== AIM OF THE TASK ==
Reproduce the listing that follows word for word, without its pictures.

== PROVIDED DATA ==
((
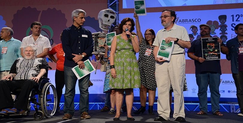 Em um ato durante o 12º Congresso Brasileiro de Saúde Coletiva, o Abrascão 2018, um coletivo de pesquisadores da Abrasco lançou uma versão atualizada do Dossiê Científico e Técnico² contra o Projeto da Lei (PL) do Veneno 6299/2002 e a favor do Projeto de Lei que instituiu a Política Nacional de Redução de Agrotóxicos – PNaRA no sábado, 28, no campus Manguinhos da Fundação Oswaldo Cruz, no Rio de Janeiro. O dossiê é uma compilação de notas técnicas já lançadas contra o Pacote do Veneno e foi entregue ao presidente da Comissão que analisa o PL da PNaRA.
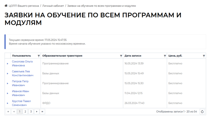В этом разделе сотрудник ЦОПП может просмотреть все запросы пользователей на образовательные модули и программы, а также данные их профиля.
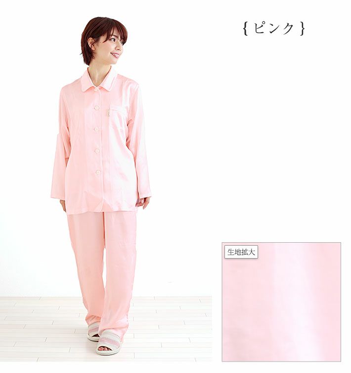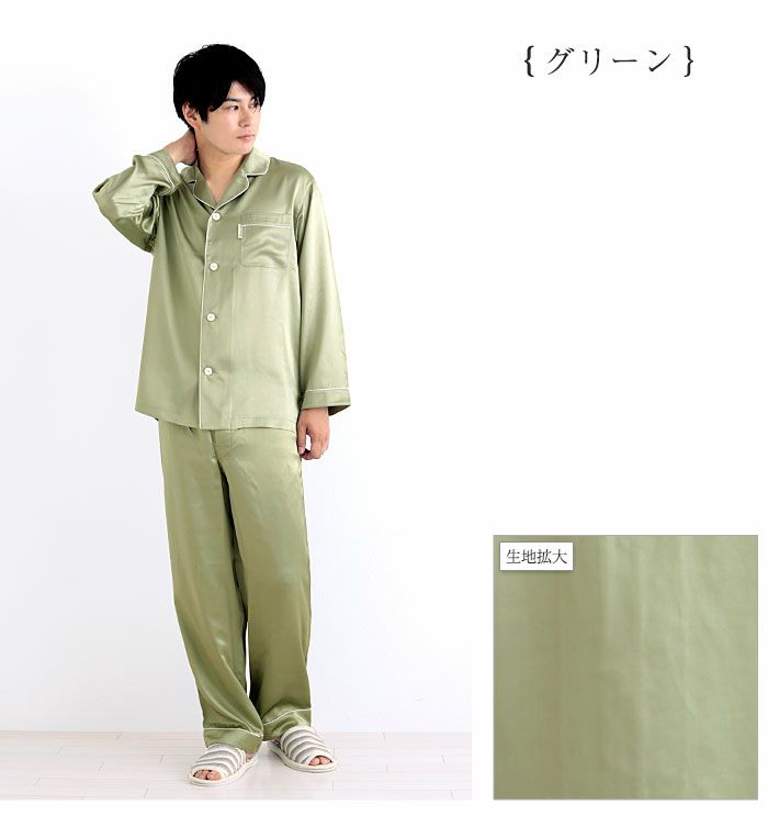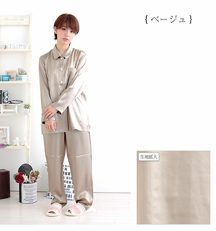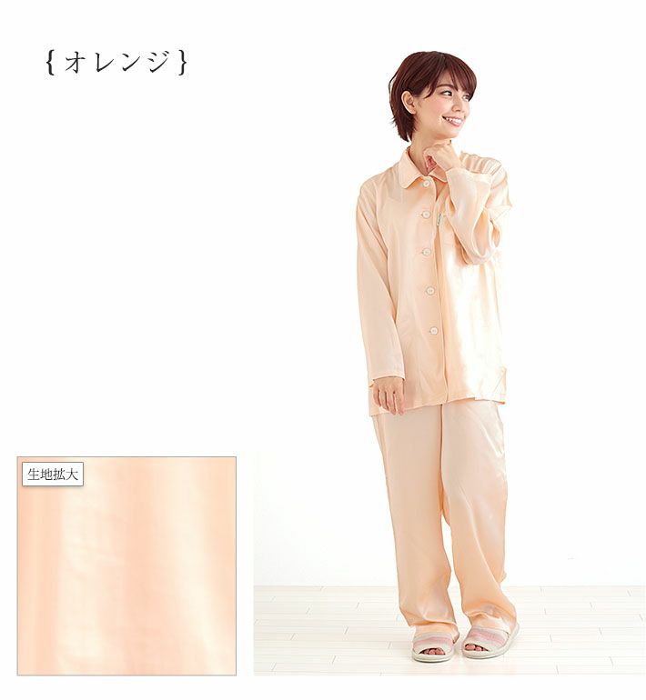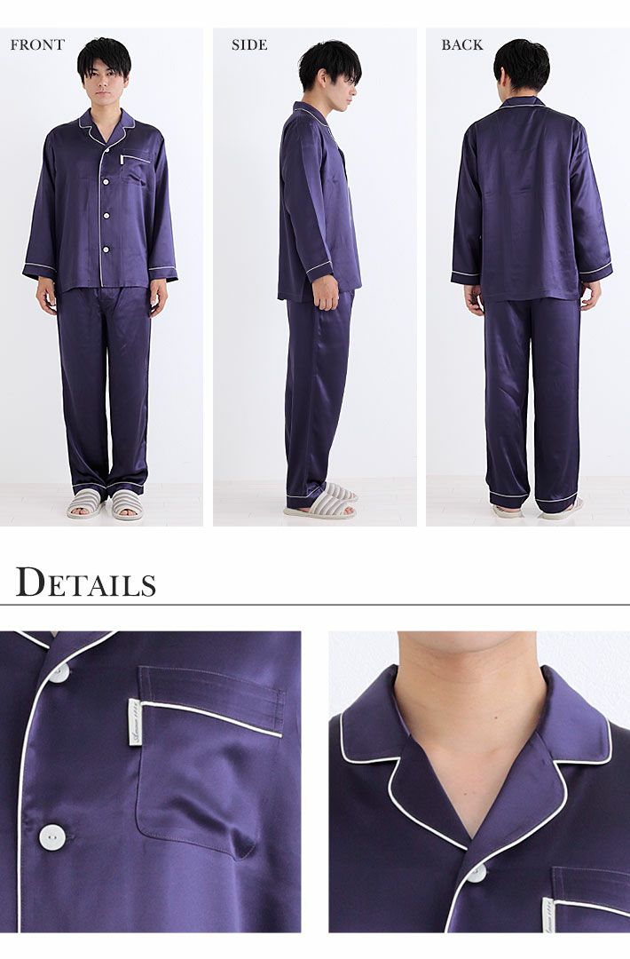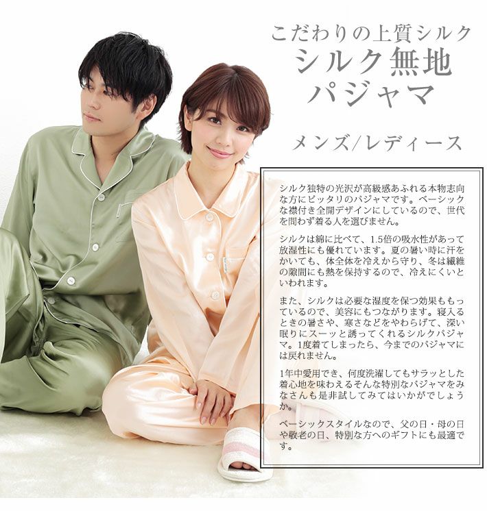 シルク独特の光沢が高級感あふれる本物志向な方にピッタリのパジャマです。
))
== OUTPUT ==
 Em um ato durante o 12º Congresso Brasileiro de Saúde Coletiva, o Abrascão 2018, um coletivo de pesquisadores da Abrasco lançou uma versão atualizada do Dossiê Científico e Técnico² contra o Projeto da Lei (PL) do Veneno 6299/2002 e a favor do Projeto de Lei que instituiu a Política Nacional de Redução de Agrotóxicos – PNaRA no sábado, 28, no campus Manguinhos da Fundação Oswaldo Cruz, no Rio de Janeiro. O dossiê é uma compilação de notas técnicas já lançadas contra o Pacote do Veneno e foi entregue ao presidente da Comissão que analisa o PL da PNaRA.
В этом разделе сотрудник ЦОПП может просмотреть все запросы пользователей на образовательные модули и программы, а также данные их профиля.
 シルク独特の光沢が高級感あふれる本物志向な方にピッタリのパジャマです。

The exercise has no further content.